Suggested evaluation workflow

  1. Schema & volume sanity check. Load all six CSVs, confirm row counts and join integrity on patient_id.
  2. Distribution checks. Verify baseline HbA1c mean (8.2%), BMI distribution (33.2 kg/m² mean), comorbidity prevalences, and insurance mix against the references above.
  3. Correlation checks. HbA1c–BMI correlation (~0.28), HbA1c–complication incidence monotonicity, adherence–outcome relationships.
  4. Longitudinal behavior. Plot individual HbA1c trajectories; verify mean reversion, seasonal component, and separation between adherent and non-adherent cohorts.
  5. Edge-case coverage. Review anomaly flags, critical-lab follow-up patterns, prior-auth denial cascades.
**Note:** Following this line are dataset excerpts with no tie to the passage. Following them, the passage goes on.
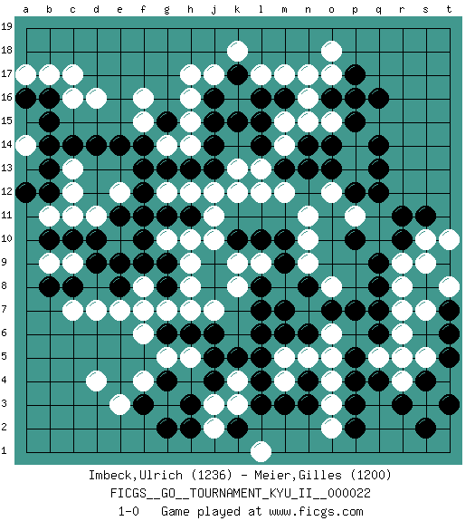 Last move : 1-0 2010 November 22 19:41:15 [Event "FICGS__GO__TOURNAMENT_KYU_II__000022"] [Site "FICGS"] [Date "2010.05.21"] [Round "1"] [Black "Imbeck,Ulrich"] [White "Meier,Gilles"] [Result "1-0"] [Rating 1 "1236"] [Rating 2 "1200"] 1.q16 d4 2.q4 d16 3.f3 d7 4.j4 o17 5.o16 n16 6.p17 o15 7.p16 o18 8.c14 c11 9.b16 c17 10.e14 f16 11.r10 o3 12.p3 o2 13.p2 k3 14.m3 m4 15.n4 o4 16.l4 m5 17.l3 k4 18.k5 j3 19.l5 n5 20.n3 o6 21.j5 r6 22.p5 o5 23.q6 r7 24.q7 r8 25.q8 s3 26.s4 r5 27.r3 r4 28.s2 s5 29.t3 r9 30.q9 s10 31.r11 e12 32.s11 s9 33.l7 o8 34.o7 n7 35.p7 m8 36.m6 m7 37.l8 l9 38.m9 n9 39.m10 n10 40.l10 g3 41.g4 f4 42.h3 l1 43.k2 j2 44.h2 n11 45.n14 n15 46.o13 k9 47.k10 m14 48.m13 m12 49.j9 k8 50.j8 l13 51.n13 l12 52.l6 g14 53.n6 q5 54.p4 p13 55.p12 o12 56.q13 p14 57.q14 p11 58.q12 e3 59.b12 b11 60.n8 b17 61.b14 c16 62.a16 a17 63.b15 c12 64.f13 g12 65.f12 f11 66.e11 e10 67.g11 d11 68.g13 h12 69.h13 j12 70.g15 f15 71.f14 h14 72.j14 h15 73.j15 h16 74.j13 k12 75.j16 h17 76.a12 c13 77.b13 a14 78.d14 j17 79.l14 m15 80.l15 k16 81.k15 k13 82.m16 m17 83.p15 h10 84.l16 l17 85.o14 n17 86.f10 f9 87.e11 g10 88.h11 j11 89.f11 j10 90.e9 f8 91.d10 c9 92.e8 e7 93.g9 h9 94.g8 h8 95.f7 j7 96.p10 g5 97.h6 g7 98.g6 h7 99.g2 f8 100.f9 f6 101.d9 f8 102.k17 k18 103.f7 h5 104.j6 f8 105.c10 b9 106.f7 m8 107.m7 f8 108.t7 f7 109.b10 s7 110.t5 t8 111.t6 t10 112.c8 c7 113.b8 1-0 Here are the names of the openings (joseki) played in the four corners : Corner d4 : d4 f3 Hoshi (Hwajeom, Seongjeom, Xingwei`) 4-4 Point. The star or hoshi (4-4) point, emphasizing influence at the potential expense of territory. Ikken Kakari (Hankan Keolch'im, Yi Gua`jiao~, 1-Space Low Approach). Black 2 is the standard approach move to the 4-4. Corner q16 : q16 o17 Hoshi (Hwajeom, Seongjeom, Xingwei`) 4-4 Point. The star or hoshi (4-4) point, emphasizing influence at the potential expense of territory. Ikken Kakari (Hankan Keolch'im, Yi Gua`jiao~, 1-Space Low Approach). White 2 is the standard approach move to the 4-4. Corner d16 : d16 c14 Hoshi (Hwajeom, Seongjeom, Xingwei`) 4-4 Point. The star or hoshi (4-4) point, emphasizing influence at the potential expense of territory. Ikken Kakari (Hankan Keolch'im, Yi Gua`jiao~, 1-Space Low Approach). Black 2 is the standard approach move to the 4-4. Corner q4 : q4 o3 Hoshi (Hwajeom, Seongjeom, Xingwei`) 4-4 Point. The star or hoshi (4-4) point, emphasizing influence at the potential expense of territory. Ikken Kakari (Hankan Keolch'im, Yi Gua`jiao~, 1-Space Low Approach). White 2 is the standard approach move to the 4-4. Player Black won this Go (weiqi, baduk) game. Follow this game move after move (download)Don't get surrounded ! Ever ! (Anonymous) I couldn't make any sense out of what this particular thread is about. It sounds like R2 D2 computer speaking. A space fight ?!? Some 'command' problems in Moscow ? Some killers & narcotic addicts attacking some game & a god wannabe ?? (Dinesh De Silva, lost in a russian conflict in FICGS forum)
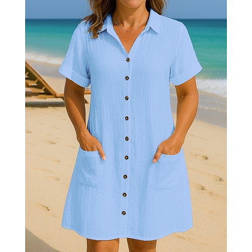 Per donna Mini Abito Misto cotone Abito Camicia Abito Invernale Casual Vacanza Vestibilità regolare Semplice Manica Corta Scollo a V Blu Nero Bianco Giallo Estate
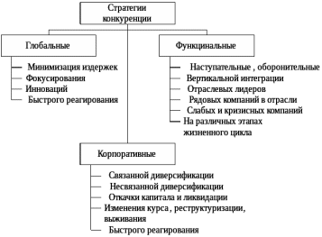 М. Портер 1980-х гг. выдвинул идеи относительно конкурентных стратегий, выведенных из некоторых базовых постулатов. В книге «Стратегия конкуренции» он представил три вида общих стратегий, направленных на повышение конкурентоспособности: лидерства в снижении издержек (поддержание издержек на более низком уровне, чем у конкурентов); дифференциации (как производство уникальной продукции); фокусирования (как сосредоточение на определенной группе покупателей) [16].
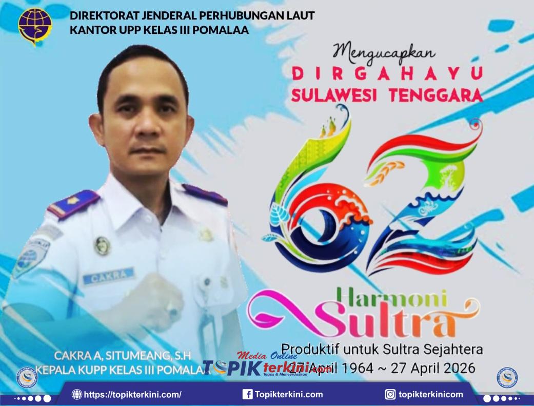 Kepala Kantor Unit Penyeleggara Pelabuhan (KUPP) Kelas III Pomalaa, Cakra A, Situmeang, S.H, mengucapkan Dirgahayu Provinsi Sulawesi Tenggara ke-62. “Terus bergerak, terus berkarya, untuk Sultra yang maju, aman dan sejahtera”.

If the sample passes your evaluation, the full 25,000-patient product (plus ML feature pack and Grade A+ validation report) is available under commercial license.

Citation

If you use this sample in research or publication, please cite:

XpertSystems.ai (2026). HC01 — Synthetic Type 2 Diabetes Patient Dataset (Evaluation Sample), v1.0.0. https://xpertsystems.ai

Contact

License

This sample is released under Creative Commons Attribution–NonCommercial 4.0 International (CC BY-NC 4.0). You may use, share, and adapt the data for non-commercial research and evaluation purposes with attribution. Commercial use, redistribution as a data product, or inclusion in a commercial offering requires a separate commercial license from XpertSystems.ai.

All records are fully synthetic. No real patient data, PHI, or PII is present. Not intended for clinical use.